Book Talk: Titus is an average American teen: he chats with his friends on the internet, he tries to pick up girls, he goes to parties and tries to sneak into 21 and up clubs, he vacations on the moon, and he has a feed implanted in his body that allows his mind constant access to the internet and allows corporations constant access to his mind. You know, just a typical teen. But one day he meets a girl who isn't so typical: she goes on about current events like the lesions that keep appearing on people and the effects of pollution and the looming war and she even writes by hand! She's pretty cute, but she can be such a downer. After all, Titus is an average American teen, what does he care if the world is ending?
Rocks My Socks: The opening sentence: "We went to the moon to have fun, but the moon turned out to completely suck." How could I not want to read more? I love the first-person perspective on this story because it makes Anderson able to narrate a truly chilling dystopian scenario without sounding preachy. I also love how the narrator does act more or less like an average teen; he's not an unlikely and inspiring hero we should all emulate. He is confronted with some pretty big issues and while he may not always deal with them nobly he does act realistically for his character and seeing the consequences of that is more moving to me than if he had broken character to play the white knight. I also love how it's never really revealed how things got to be the way they are. There's excerpts from the feed at the end of some chapters that contain clues but really we never find out because the narrator doesn't know. The slang and the ridiculous trends followed by the teens are also deliciously disturbing although also, sadly, realistic. There's not much you could say that teens would find trendy that I wouldn't believe, even outside of dystopian fiction.

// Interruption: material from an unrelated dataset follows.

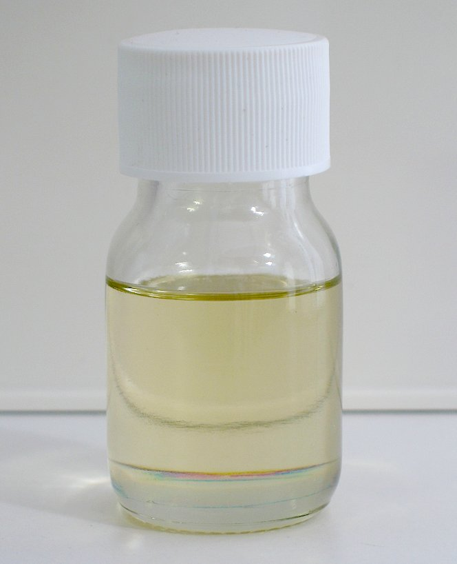 25 milliliters of thionyl chloride, a liquid at room temperature. Note the rainbow caused by refraction of light through the liquid.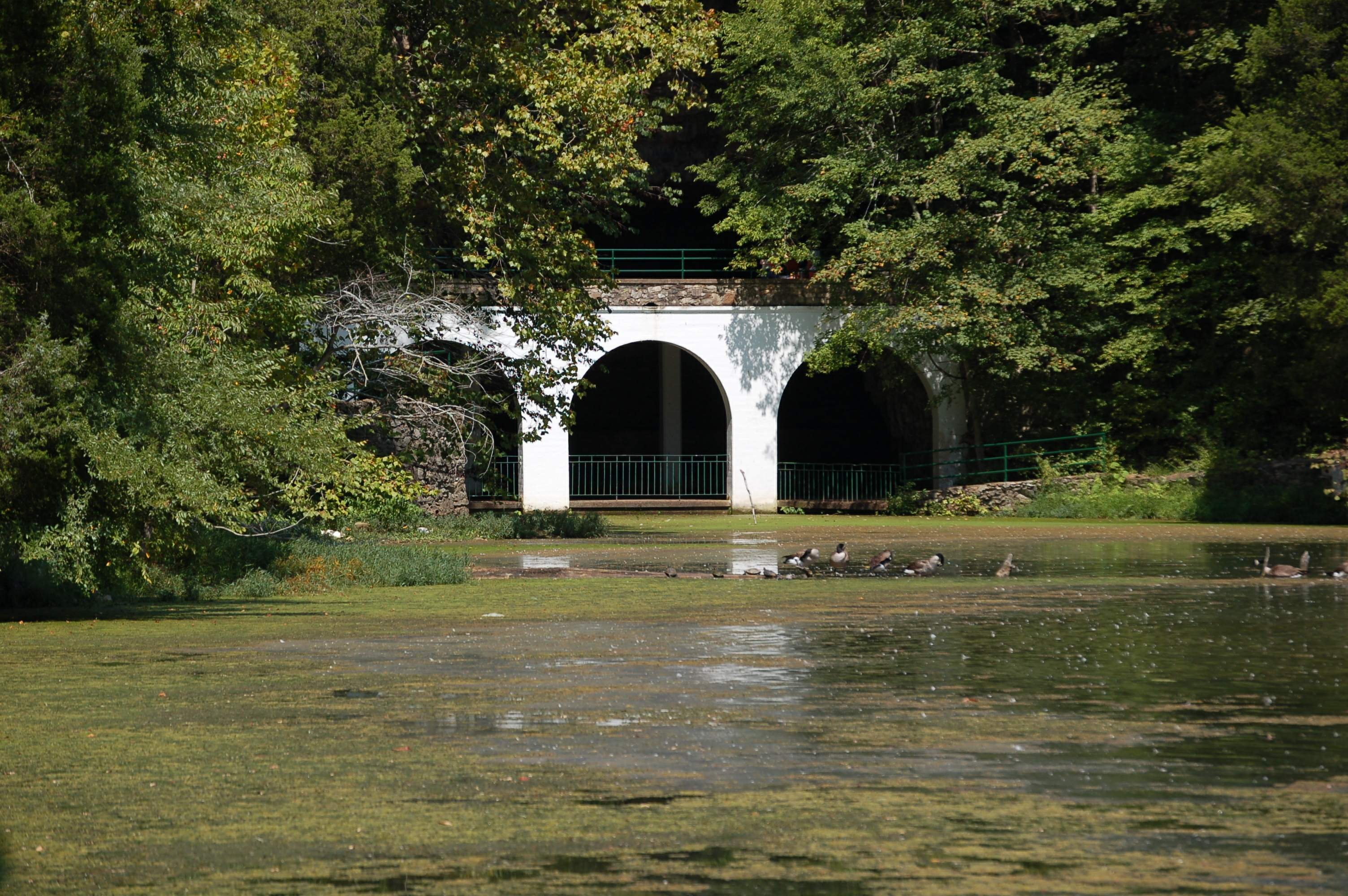 Photo of Dunbar Cave State Park, Tennessee, USA

Rocks In My Socks: If I really want to get nit-picky and find something to criticize, it does get on my nerves that even though the book is set in the future the gender roles seem pretty traditional. Just like in Fahrenheit 451 it's the attractive young girl with the old-fashioned family who inspires the male narrator to re-examine the role of technology in his life. It never seems to be the old-fashioned boy who gets the girl to re-examine her priorities. Among his friends the girls are obsessed with fashion and re-styling their hair and boys are concerned with looking macho for one another.
Every Book Its Reader: The book is geared toward young adults but there's enough there to make it an excellent read for adults as well. I highly recommend it with the caveat that since the book is partly about the degeneration of language the narrator employs a fairly constant stream of language that some readers (or more likely their parents) might find inappropriate. We did get a complaint from a parent at my school about it, although the wonderful librarian that I work with (who also was the one to recommend the book to me) was able to defend it to the parent by citing its necessity for the narrative that is, after all, casting the harsh light of dystopia on it rather than encouraging it. On the plus side the coarse language means that it is at a very easy reading level, and as it is also high-interest and fast-paced it would be a great book to give to teens who are struggling with reading.